Thus, the dynamic interactive process, implemented by interaction block 252 (which may implement a visual interface, an audio interface, etc.) is configured to generate output data to prompt a user to provide clarification information, and select at least one of the multiple matches based, at least in part, on the clarification information provided by the user in response to the generated prompt. The interactive process configured to generate the output data to prompt the user to provide the clarification information is configured to automatically generate an output prompt based on one or more of, for example, generating a list with selectable items corresponding to different values for one or more context categories, applying natural language processing to the identified multiple matches to generate a prompt with a list of selectable items from which the user is to select one or more of the selectable items, and/or selecting from a set of pre-determined prompts one or more items.

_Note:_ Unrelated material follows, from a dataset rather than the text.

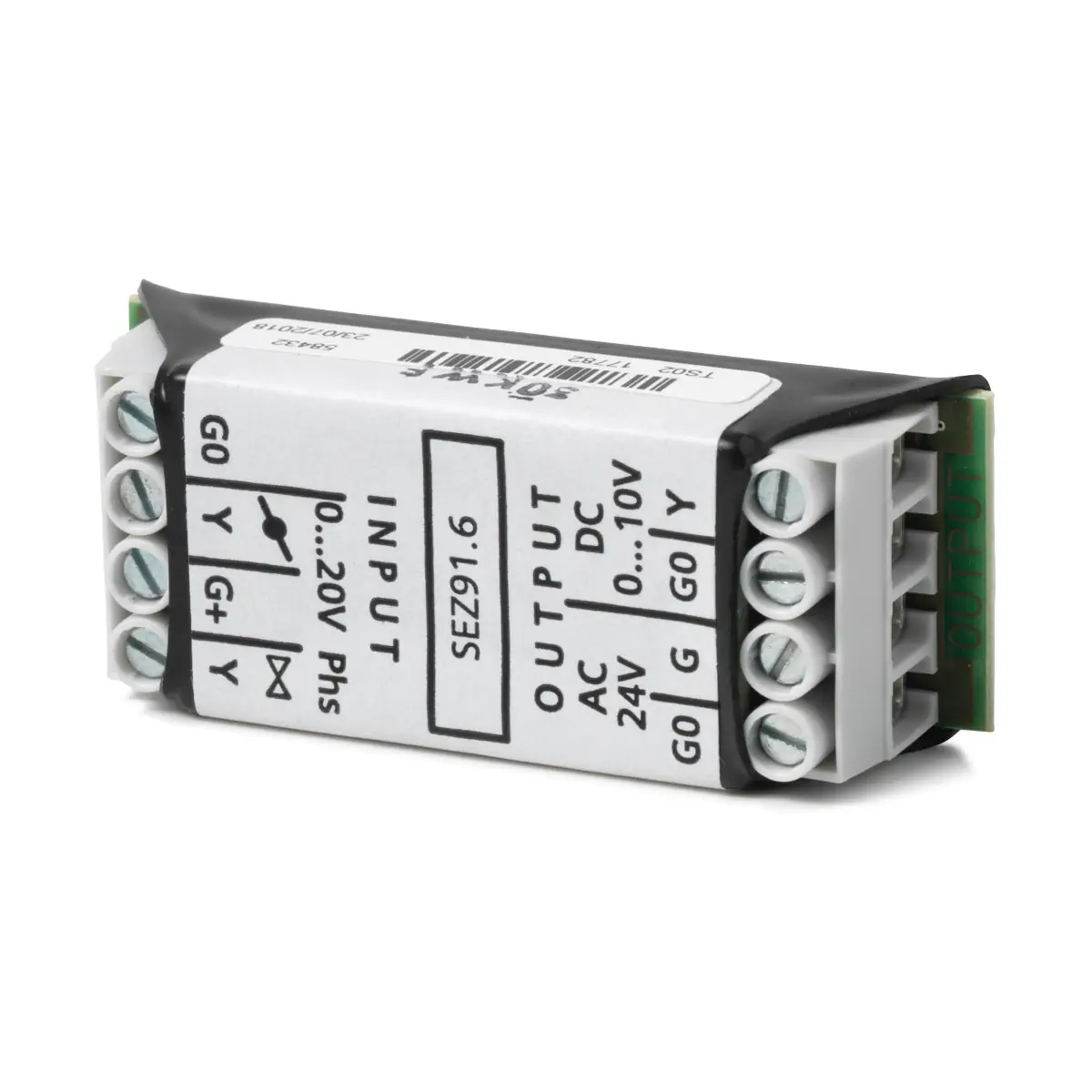 SEZ91.6 to kompaktowy interfejs (konwerter sygnału) firmy Siemens, przeznaczony do współpracy pomiędzy regulatorem z sygnałem wyjściowym 0...20 V DC Phs (z odcięciem fazy) a urządzeniami sterowanymi standardowym sygnałem 0...10 V DC. Interfejs jest zasilany napięciem 24 V AC (SELV) i udostępnia dwa oddzielne zakresy robocze – osobno dla siłowników zaworów magnetycznych oraz siłowników OpenAir do przepustnic powietrza, co ułatwia integrację bez konieczności zmiany parametrów w regulatorze.

The interactive disambiguation process (in conjunction with the query ambiguity detection process that may be implemented, in part, at the block 250 of FIG. 2) may be configured to exclude based on the clarification information provided by the user, one or more of the multiple matches. This process may be repeated until some or all of the ambiguity is resolved by iteratively generating refined output data, based on non-excluded matches from the set of identified matches, to prompt the user to iteratively provide further clarification information to identify an optimal match from the identified multiple matches. The data provided by the user through the interactive process (represented by the data block 254 in FIG. 2) is thus used to filter the content to provide the most relevant answer(s).

In some embodiments, the user's additional interactive input may include a specific selection of one of the matches presented to the user (as an intermediary set of matches or disambiguated set of matches, presented as display data 258 via a send answer to user process 256 depicted in FIG. 2), which may cause further elimination of some of the displayed matches that have conflicting concept values for the concepts associated with the selected match. The selection of a specific match can also cause a re-ranking of the displayed matches. For example, a concept(s) associated with the user-selected match that is most commonly shared with the other displayed matches is identified. The presented matches can be re-ordered or re-ranked so that matches with concept values, for the identified concept, that are closest (in a semantic or numerical way) to the concept value of the selected match, are ranked more highly then matches whose concept values for the identified concept are more distant.

The disambiguation process may be performed according to one of several possible policies. Such policies include: i) a policy that has been prefixed, i.e., what to disambiguate and the order are prefixed, ii) a policy that tries to optimize an objective function, e.g., among ambiguous concepts use the one that reduces the largest amount of entropy, or iii) a policy implementing visual displaying multiple concepts, and that lets the user decide the concepts that the user considers are more important. In some situations, different policies may be utilized at different points of execution of a query. For example, initially, upon submission of a query, the framework 200 may automatically seek to assess which contextual information (entity identifiers, abstracted concepts, etc.) might be most useful. For example, “author” context may not give much information that can be used to logically arrange the answers or to eliminate the answers. On the other hand, “operating system” may divide the initial produced answers in a 60:40 ratio. It is only after the most relevant context information (if available) is selected, that the user may be asked either in a yes/no or more open-ended questions, word cloud (size=potential importance for disambiguating), etc. Thus, in such situations, at a first stage of processing query answers, a policy that tries to optimize an objective function to reduce information entropy (e.g., policy type (ii) above) for the initially returned matches may be first applied. After the objective function policy has been applied, a policy implementing visual display of multiple concepts, to solicit disambiguating information from the user with respect to a refined set of matches, may be applied.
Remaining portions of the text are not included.